The increase in oil prices, with Brent experiencing growth in the last week due to several factors, contrasts with the concerns that, just under a month ago, were plaguing the energy raw materials sector.
The futures market, in addition to showing a first hint of de-stabilization of the level of price volatility, highlights the achievement of significant maximum zones, also from a technical point of view.
While many are wondering about the sustainability of the current rally, economic and geopolitical news already seems to influence trading volumes and, consequently, also the price of black gold.
What pushes the price of BRENT up?

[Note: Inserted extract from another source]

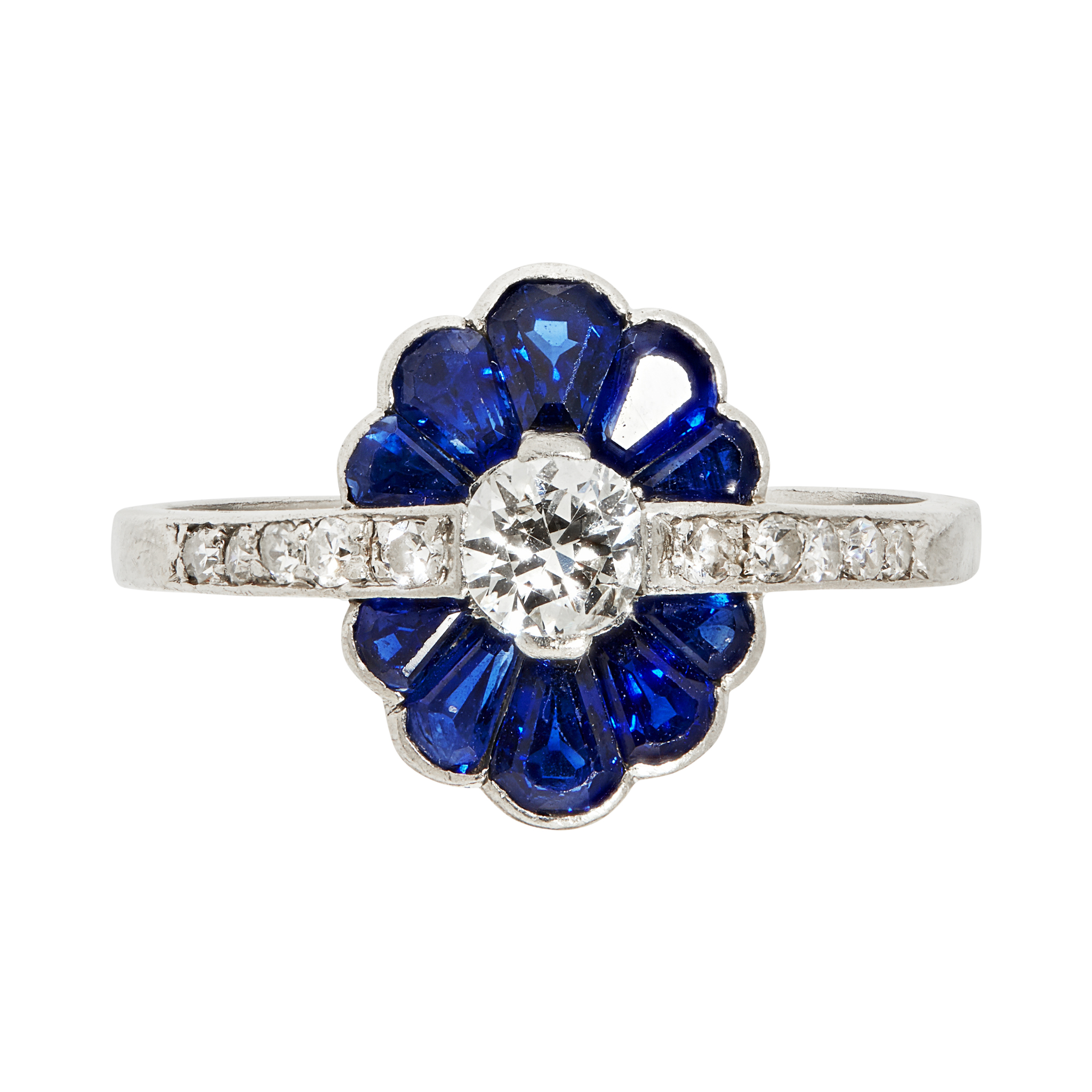 set with a old round cut diamond in a fanned border of calibre cut sapphires, the shoulders set with slightly graduated eight cut diamonds, to a plain white metal shank stamped PLAT

A first reason is certainly the exceptional resilience of the American economy, which not only managed to avoid what had been predicted as "the most announced recession ever", but also recorded growth of 3.1%, according to data published by the Department of Commerce.
The price of oil is strongly influenced by consumer spending, and in the United States, consumer confidence has remained high thanks to a strong job market.
Consumption continues to grow, supported by a positive savings rate that still seems to reflect post-COVID-19 dynamics.
This naturally fuels expectations related to fuel demand and the futures market currently seems to be betting on precisely this.
The implied volatility of oil options, which shows an increase in the number of hedging trades against possible increases in the price of black gold, confirms this trend.
In this context, however, the reason appears to be geopolitical risk, given that, after the Hamas attacks on Israel and the complications related to trade in the Red Sea, it is difficult to predict the consequences on the energy market.
The price of oil interrupts growth: is the global surplus to blame? According to many, the positivity of the Brent oil price could soon be put at risk by some negative dynamics, primarily concerning supply issues.
The increase in prices recorded in the last month has in fact recently encountered an obstacle, generating the first fears and raising questions about the sustainability of the growth in oil prices.
These concerns particularly arise when considering the global surplus of crude oil, which impacts global supply dynamics and could partially offset bullish futures market expectations.
The price of Brent oil, after reaching $83, interrupted its strong upward trend that has characterized it since the beginning of the year, leaving room for the first declines.
This week, it seems to start drawing a first red candle on the black gold weekly chart.
From a chart point of view, the price of oil has not yet reached an overbought zone, so many technical analysts are talking about a correction rather than a true trend reversal.
It is important, however, to remember that the price of black gold depends today more than ever on variables external to the graphic analysis.